--- RECORDS TO PROCESS ---

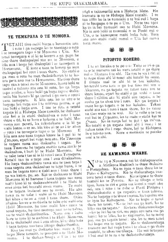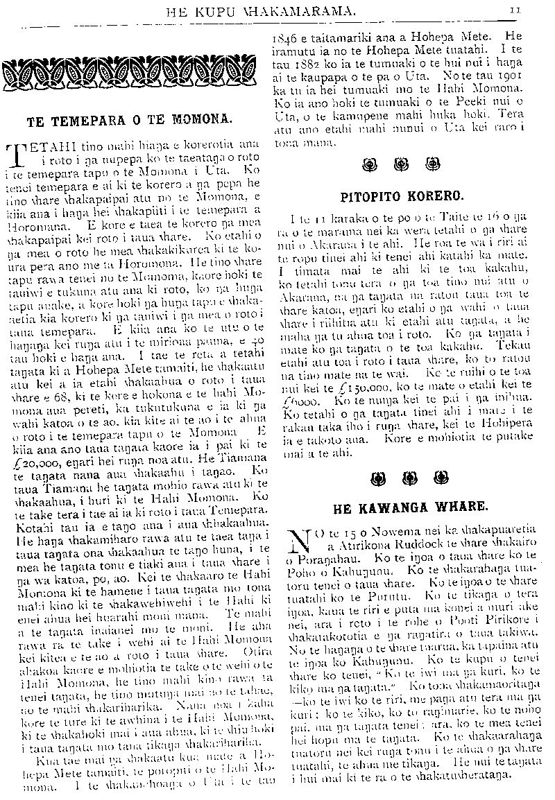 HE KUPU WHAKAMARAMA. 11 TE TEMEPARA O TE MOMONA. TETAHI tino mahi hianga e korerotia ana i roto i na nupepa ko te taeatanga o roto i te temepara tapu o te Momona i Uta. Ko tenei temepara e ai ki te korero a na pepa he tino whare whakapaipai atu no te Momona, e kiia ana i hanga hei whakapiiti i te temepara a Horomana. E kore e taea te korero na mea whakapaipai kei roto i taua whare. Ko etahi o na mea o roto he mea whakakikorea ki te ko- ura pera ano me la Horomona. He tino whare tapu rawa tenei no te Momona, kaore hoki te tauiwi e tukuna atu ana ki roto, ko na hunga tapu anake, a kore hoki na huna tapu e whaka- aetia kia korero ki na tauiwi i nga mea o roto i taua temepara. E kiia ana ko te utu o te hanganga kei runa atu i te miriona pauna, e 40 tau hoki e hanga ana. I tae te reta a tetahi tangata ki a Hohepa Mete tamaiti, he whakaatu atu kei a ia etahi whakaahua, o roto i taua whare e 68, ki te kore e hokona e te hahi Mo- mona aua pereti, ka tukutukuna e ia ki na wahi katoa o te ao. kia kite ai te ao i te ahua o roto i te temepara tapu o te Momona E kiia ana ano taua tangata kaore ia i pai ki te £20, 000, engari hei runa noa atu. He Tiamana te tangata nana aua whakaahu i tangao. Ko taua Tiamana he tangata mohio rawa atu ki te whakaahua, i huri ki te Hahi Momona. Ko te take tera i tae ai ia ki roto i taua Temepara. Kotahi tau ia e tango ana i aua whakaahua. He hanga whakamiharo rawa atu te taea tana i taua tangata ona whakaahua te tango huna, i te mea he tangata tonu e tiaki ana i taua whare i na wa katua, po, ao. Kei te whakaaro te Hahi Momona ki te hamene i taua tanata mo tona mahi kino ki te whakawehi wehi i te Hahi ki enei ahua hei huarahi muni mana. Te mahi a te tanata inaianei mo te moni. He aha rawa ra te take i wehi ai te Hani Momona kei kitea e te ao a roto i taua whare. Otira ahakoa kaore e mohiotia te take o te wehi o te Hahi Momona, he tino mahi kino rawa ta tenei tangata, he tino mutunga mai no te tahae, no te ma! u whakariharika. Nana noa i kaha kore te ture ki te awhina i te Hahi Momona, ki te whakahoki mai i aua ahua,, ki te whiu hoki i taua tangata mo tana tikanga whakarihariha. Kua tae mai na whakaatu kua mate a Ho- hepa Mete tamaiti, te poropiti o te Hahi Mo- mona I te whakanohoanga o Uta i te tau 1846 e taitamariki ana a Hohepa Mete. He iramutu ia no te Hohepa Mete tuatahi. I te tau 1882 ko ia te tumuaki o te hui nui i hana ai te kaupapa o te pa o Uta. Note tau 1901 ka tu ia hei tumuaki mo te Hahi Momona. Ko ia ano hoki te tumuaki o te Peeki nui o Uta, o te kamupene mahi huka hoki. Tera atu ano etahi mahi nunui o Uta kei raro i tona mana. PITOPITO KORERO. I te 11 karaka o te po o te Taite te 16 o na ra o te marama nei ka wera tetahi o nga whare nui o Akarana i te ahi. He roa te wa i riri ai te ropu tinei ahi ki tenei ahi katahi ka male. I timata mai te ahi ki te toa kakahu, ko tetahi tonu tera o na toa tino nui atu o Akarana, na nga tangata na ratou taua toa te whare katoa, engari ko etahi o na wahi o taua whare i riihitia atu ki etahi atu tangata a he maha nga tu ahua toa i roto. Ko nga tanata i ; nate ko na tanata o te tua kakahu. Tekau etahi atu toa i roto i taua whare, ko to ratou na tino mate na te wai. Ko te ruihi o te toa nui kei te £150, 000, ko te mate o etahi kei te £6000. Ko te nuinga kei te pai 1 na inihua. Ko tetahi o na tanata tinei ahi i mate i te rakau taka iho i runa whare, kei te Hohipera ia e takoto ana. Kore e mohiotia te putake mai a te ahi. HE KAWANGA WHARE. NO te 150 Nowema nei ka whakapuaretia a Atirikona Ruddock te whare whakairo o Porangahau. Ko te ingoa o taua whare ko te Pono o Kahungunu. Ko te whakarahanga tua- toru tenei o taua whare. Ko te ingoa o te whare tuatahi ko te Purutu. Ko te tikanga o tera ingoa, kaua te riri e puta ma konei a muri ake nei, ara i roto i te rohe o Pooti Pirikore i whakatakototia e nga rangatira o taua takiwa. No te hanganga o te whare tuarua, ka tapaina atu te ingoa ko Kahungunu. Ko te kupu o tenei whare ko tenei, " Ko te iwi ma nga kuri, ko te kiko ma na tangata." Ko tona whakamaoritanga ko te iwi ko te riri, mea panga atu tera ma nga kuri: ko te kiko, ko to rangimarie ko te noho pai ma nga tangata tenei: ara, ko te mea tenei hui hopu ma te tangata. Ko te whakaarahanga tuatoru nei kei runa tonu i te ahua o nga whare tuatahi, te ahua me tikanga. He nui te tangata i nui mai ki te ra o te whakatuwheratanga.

---
--- RECORDS TO PROCESS ---

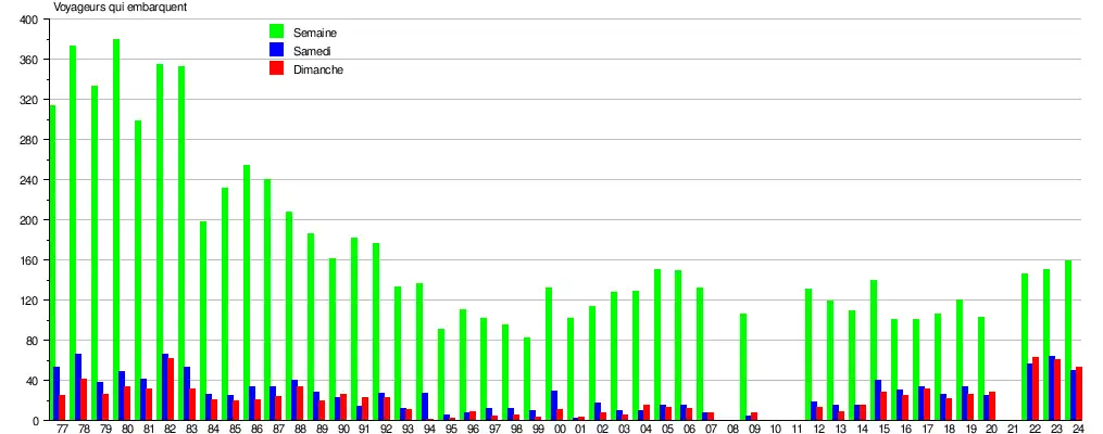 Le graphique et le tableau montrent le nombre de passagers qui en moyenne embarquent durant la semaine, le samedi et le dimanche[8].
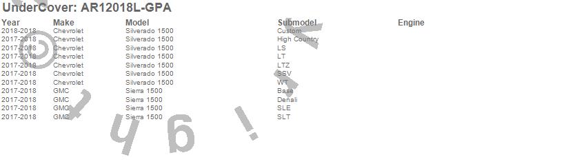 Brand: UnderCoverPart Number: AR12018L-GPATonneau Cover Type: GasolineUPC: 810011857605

---
--- RECORDS TO PROCESS ---

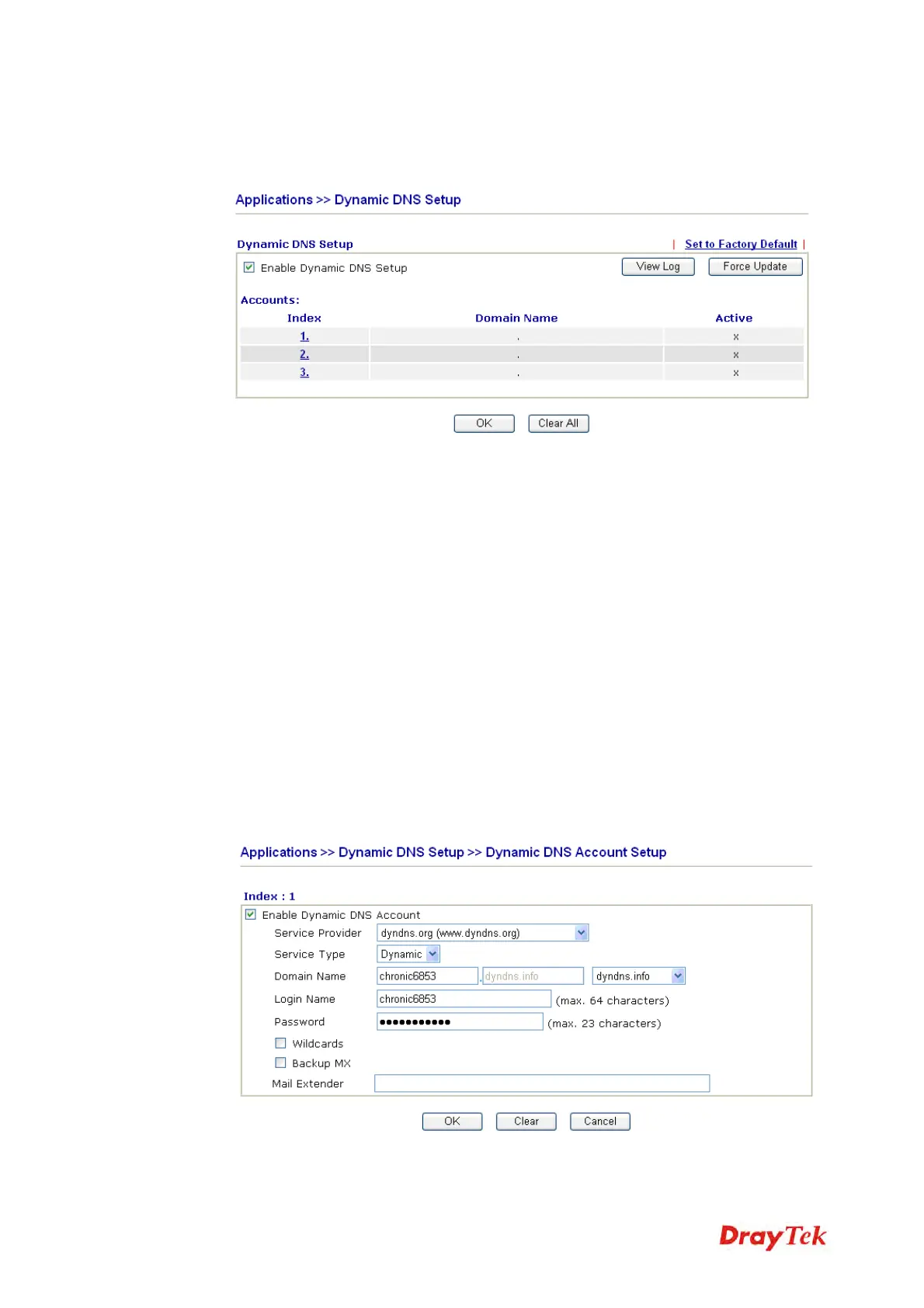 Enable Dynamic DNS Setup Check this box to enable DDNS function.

---

Look above for the line with "Le graphique et" and copy exactly from it through the line with "Brand: UnderCoverPart Number: AR12018L-GPATonneau", both included. Omit the pictures.

 Le graphique et le tableau montrent le nombre de passagers qui en moyenne embarquent durant la semaine, le samedi et le dimanche[8].
 Brand: UnderCoverPart Number: AR12018L-GPATonneau Cover Type: GasolineUPC: 810011857605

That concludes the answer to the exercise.